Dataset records
........

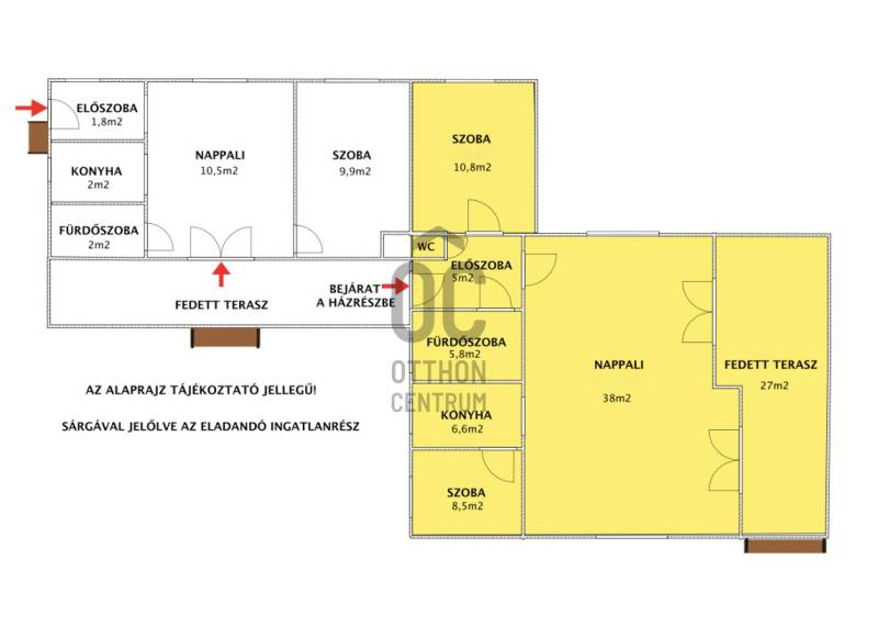 Siófok Aranypartján, a Balatontól mindössze 350 méterre kínálunk megvételre egy jó adottságú, házrészt, amely ideális választás nyaralónak, állandó otthonnak vagy befektetési célra egyaránt.Az ingatlan egy 620 m²-es telken helyezkedik el, bruttó alapterülete 114,5 m², amely a 101 m²-es lakótérből és a 27 m²-es terasz felének beszámításából adódik. A jelenlegi elrendezés szerint nappali, két hálószoba, előszoba, konyha, fürdőszoba és külön WC található benne, azonban igény szerint akár négy szobássá is alakítható. A házhoz egy 27 m²-es terasz, egy 12 m²-es tároló, valamint az udvarban 2–3 autó számára biztosított parkolási lehetőség tartozik.Az 1950-es években épült, masszív tégla szerkezetű ingatlan az évek során több korszerűsítésenis átesett, beleértve a tetőt, a víz- és villanyvezetékeket, valamint a csatornahálózatot. A fűtést kandalló és inverteres klíma biztosítja, amely hűtésre és fűtésre egyaránt alkalmas, a melegvíz-ellátás villanybojlerrel megoldott, a nyílászárók egy része már cserélve lett.Az ingatlan saját víz- és villanyórával rendelkezik.Az ingatlan jelenleg egy helyrajzi számon szerepel, nem megosztott, az osztatlan közös tulajdon kialakítása, az ügyvédi megosztás és a használati viszonyok rendezése adásvétel esetén biztosított.Extra lehetőségként a teljes ingatlan is megvásárolható 139 millió forint irányáron, ebben az esetben az összes bruttó alapterület 150,5 m². Elhelyezkedése kiváló, hiszen sétatávolságra található a Nagystrand, a belváros, éttermek és üzletek, továbbá a buszmegálló és a vasútállomás is könnyen elérhető, az M7-es autópályán keresztül Budapest körülbelül egy óra alatt megközelíthető. Megtekintésért és további információért várom hívását a hét bármely napján.
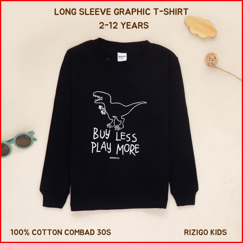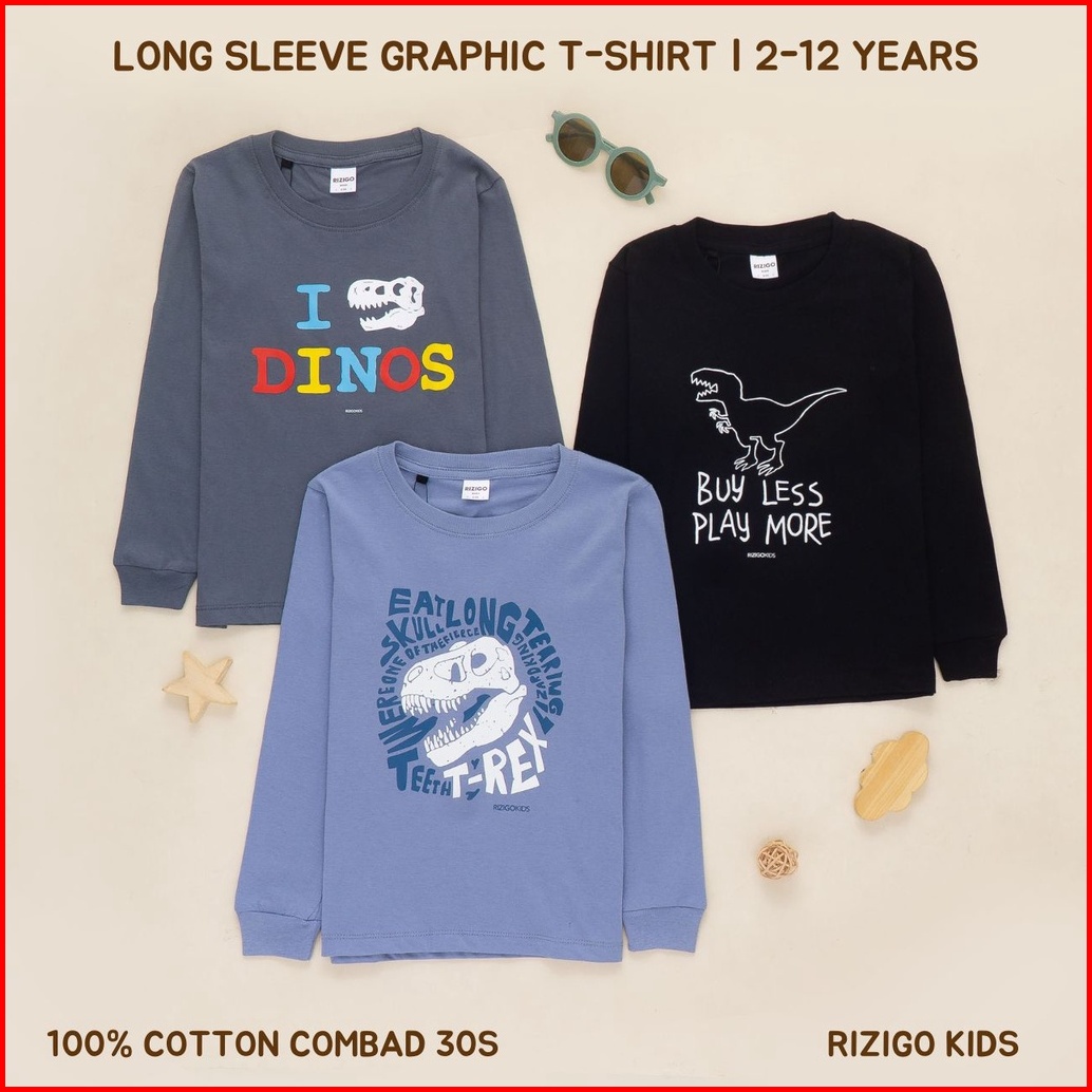 Rizigo Kids Kaos Lengan Panjang Anak Series Dino Play Less 2-12 Tahun - Baju Panjang Anak Laki
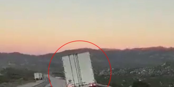 Un video en redes sociales muestra un camión de carga tirado en su costado izquierdo y apenas un segundo después, el hombre que graba con su celular enfoca a otro camión de carga justo en el momento en que empieza a ser desbalanceado por una potente ráfaga de viento.
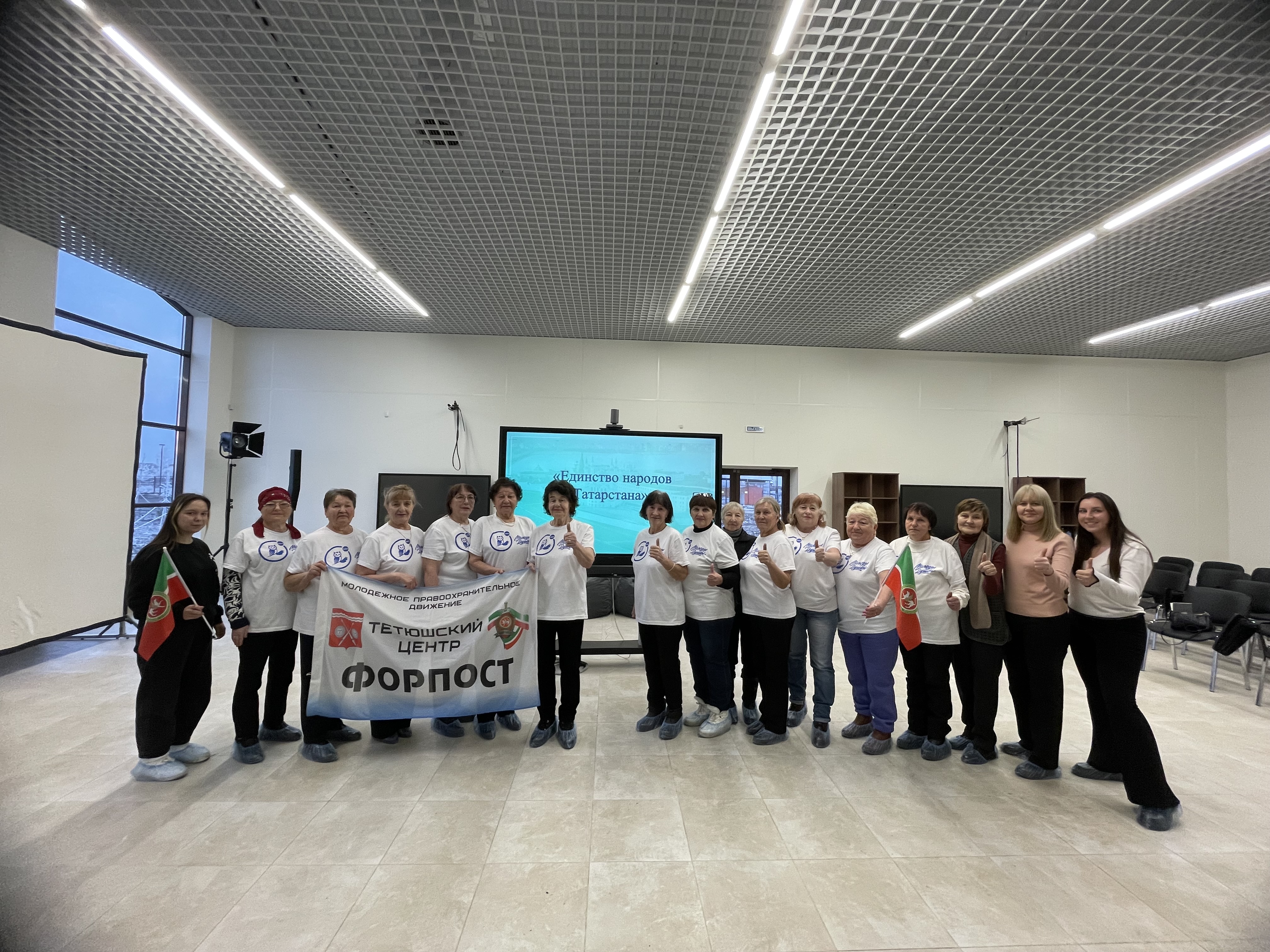 В честь празднования Дня Государственного флага Республики Татарстан на базе визит-центра «Тюбетей Tower» специалисты центра «Форпост» провели увлекательную викторину «Единство народов Татарстана» для активистов клуба «Молоды душой» и «серебряных» волонтеров КЦСОН «Тетюшское сияние». Участники столкнулись с интересными заданиями, касающимися истории, языка, народных праздников и других аспектов культуры нашего многонационального народа.
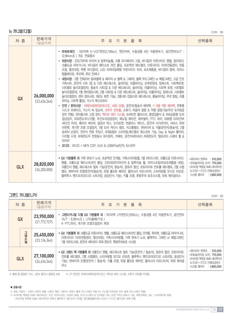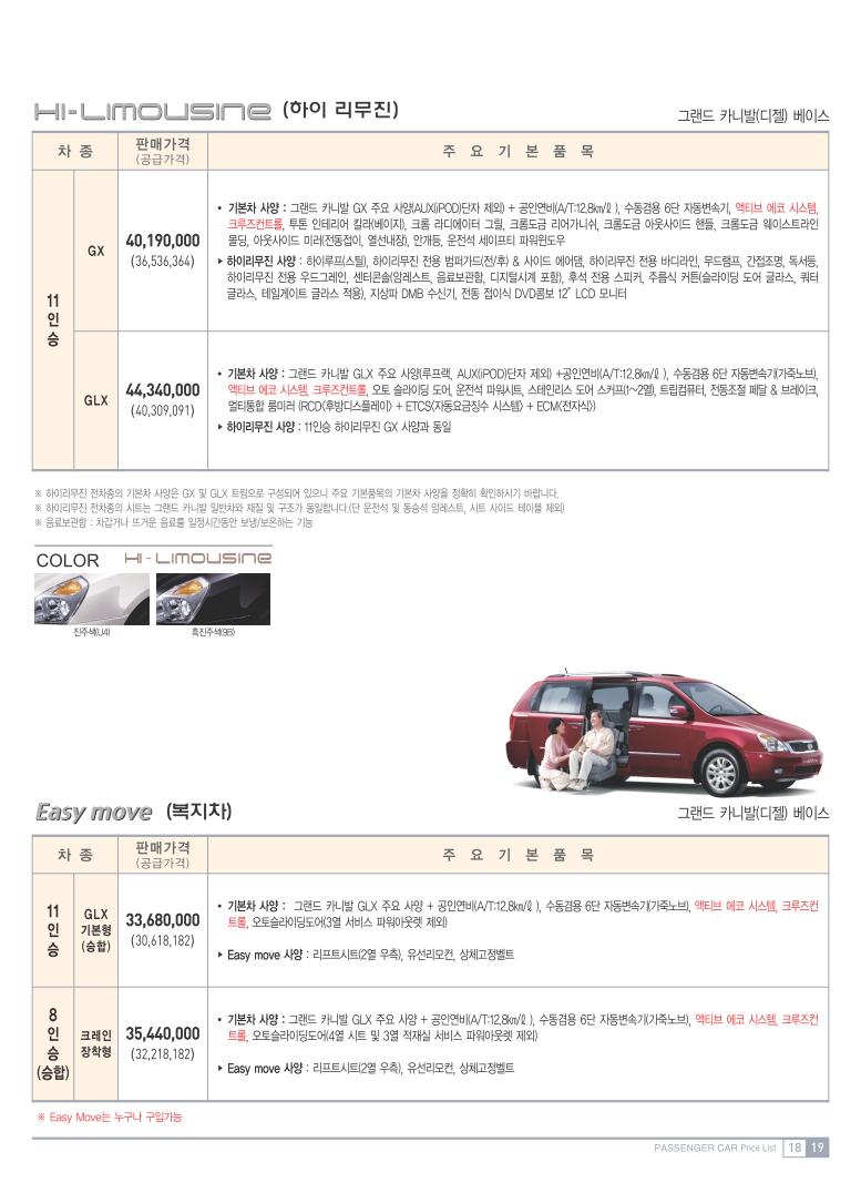 2010년 12월 그랜드카니발R / 뉴카니발R 신차가격표 (2011년형)
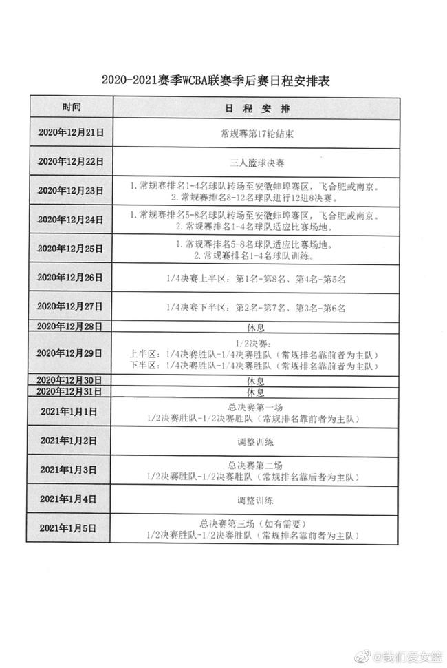 目前,WCBA常规赛第17轮正在进行,常规赛将于12月21日结束,12月22日将举办三人篮球决赛。季后赛赛程具体如下:12月26-27日,1/4决赛开打,12月29日半决赛开打,2021年1月1日总决赛第一场、1月3日总决赛第二场、1月5日总决赛第三场(如有需要)。

........

● What to produce
Your copy should match every record exactly and contain no pictures.

● Task answer
 Siófok Aranypartján, a Balatontól mindössze 350 méterre kínálunk megvételre egy jó adottságú, házrészt, amely ideális választás nyaralónak, állandó otthonnak vagy befektetési célra egyaránt.Az ingatlan egy 620 m²-es telken helyezkedik el, bruttó alapterülete 114,5 m², amely a 101 m²-es lakótérből és a 27 m²-es terasz felének beszámításából adódik. A jelenlegi elrendezés szerint nappali, két hálószoba, előszoba, konyha, fürdőszoba és külön WC található benne, azonban igény szerint akár négy szobássá is alakítható. A házhoz egy 27 m²-es terasz, egy 12 m²-es tároló, valamint az udvarban 2–3 autó számára biztosított parkolási lehetőség tartozik.Az 1950-es években épült, masszív tégla szerkezetű ingatlan az évek során több korszerűsítésenis átesett, beleértve a tetőt, a víz- és villanyvezetékeket, valamint a csatornahálózatot. A fűtést kandalló és inverteres klíma biztosítja, amely hűtésre és fűtésre egyaránt alkalmas, a melegvíz-ellátás villanybojlerrel megoldott, a nyílászárók egy része már cserélve lett.Az ingatlan saját víz- és villanyórával rendelkezik.Az ingatlan jelenleg egy helyrajzi számon szerepel, nem megosztott, az osztatlan közös tulajdon kialakítása, az ügyvédi megosztás és a használati viszonyok rendezése adásvétel esetén biztosított.Extra lehetőségként a teljes ingatlan is megvásárolható 139 millió forint irányáron, ebben az esetben az összes bruttó alapterület 150,5 m². Elhelyezkedése kiváló, hiszen sétatávolságra található a Nagystrand, a belváros, éttermek és üzletek, továbbá a buszmegálló és a vasútállomás is könnyen elérhető, az M7-es autópályán keresztül Budapest körülbelül egy óra alatt megközelíthető. Megtekintésért és további információért várom hívását a hét bármely napján.
 Rizigo Kids Kaos Lengan Panjang Anak Series Dino Play Less 2-12 Tahun - Baju Panjang Anak Laki
 Un video en redes sociales muestra un camión de carga tirado en su costado izquierdo y apenas un segundo después, el hombre que graba con su celular enfoca a otro camión de carga justo en el momento en que empieza a ser desbalanceado por una potente ráfaga de viento.
 В честь празднования Дня Государственного флага Республики Татарстан на базе визит-центра «Тюбетей Tower» специалисты центра «Форпост» провели увлекательную викторину «Единство народов Татарстана» для активистов клуба «Молоды душой» и «серебряных» волонтеров КЦСОН «Тетюшское сияние». Участники столкнулись с интересными заданиями, касающимися истории, языка, народных праздников и других аспектов культуры нашего многонационального народа.
 2010년 12월 그랜드카니발R / 뉴카니발R 신차가격표 (2011년형)
 目前,WCBA常规赛第17轮正在进行,常规赛将于12月21日结束,12月22日将举办三人篮球决赛。季后赛赛程具体如下:12月26-27日,1/4决赛开打,12月29日半决赛开打,2021年1月1日总决赛第一场、1月3日总决赛第二场、1月5日总决赛第三场(如有需要)。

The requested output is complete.